I see. Shut down a power source that’s on U.N. record of barely killing anyone over in 60 years worldwide so you can be happy with ones known for generations to’ve killed and hospitalized literal millions with health aliments and inflicted tens of thousands in worker and local civilian deaths by accidents. Yea, you’re one real public health Brainniac alright. And “renewable” ain’t gonna cut it without a _real_ baseload power source backing it up if you want a vibrant high-powered economy, brains.
James Greenidge
Mr. Adams, you may not have a diagnosed cancer as yet… but I have personally known two nuclear engineers who worked for GE in California – both deceased in the past fifteen years from leukemia. I had a total thyroidectomy in the 1960s for papillary cancer caused by Xrays “to stimulate the thymus gland” as an infant. And I still have to deal with MDs who are not knowledgable about the long term effects of radiation on the immune system, blood pressure, genetics, etc. No unusual family medical histories, but first child severly autistic, second bi-polar/hearing loss and grandchild autistic. Amazing what a little excess radiation can do!

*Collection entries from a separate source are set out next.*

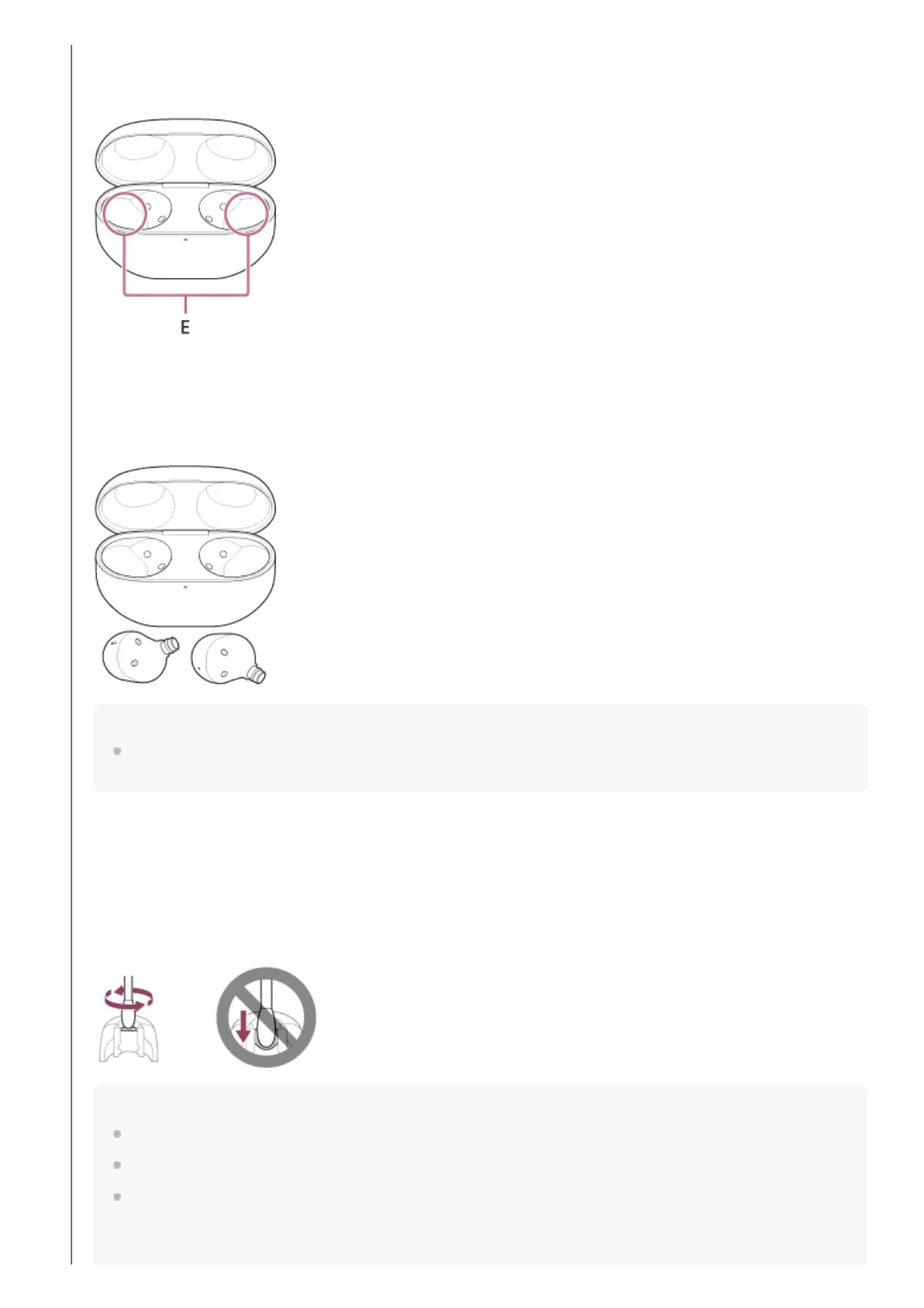 E: Holes of the charging case (left, right)
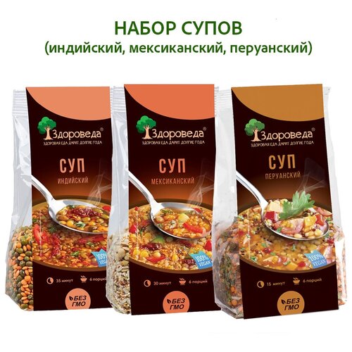 Набор супов Здороведа, 3 шт. по 250 гр. (индийский, мексиканский, перуанский)
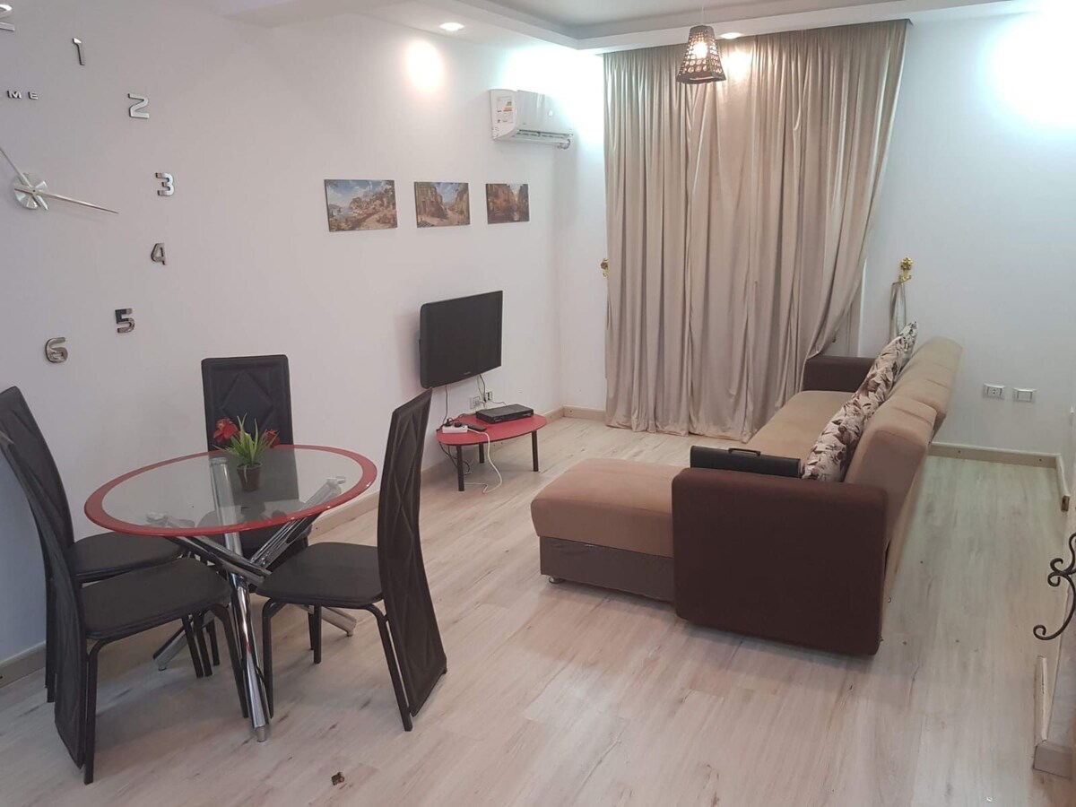 Experience the ultimate in modern comfort in our new 2-bedroom,1sofa bed 2-bathroom apartment suitable for 5 persons,Every inch of this stylish space is new and designed to make your stay unforgettable Our apartment is perfect for families or a business trip. You’ll find all the amenities you need, including a fully equipped kitchen, a comfortable living area Located in a prime compund, you’re just a short way from restaurants,shops in tagamoa and naser city Book now,,We can’t wait to host you!

@M Curie (nice pseudonym, by the way)
Your anecdotes are not terribly convincing. I work around nuclear engineers ever day. None of my colleagues have any occupational exposure to radiation, so any leukemias that might develop would have nothing to do with radiation. I have not been diagnosed with cancer, but I can name at least a half dozen family members or very close friends who have died from the nasty disease. Not one of them had any radiation relation. It is a disease that ends up being responsible for about 20-40% of all deaths, depending on the country being studied.
The autism and hearing loss in your children are personally tragic, but there is no evidence in any credible science reports of either one of those negative health consequences arising as a result of radiation exposure to a parent. I don’t know what kind of tripe you read or what kind of quacks provided your diagnosed cause of their issues, but you need to find more credible sources of information.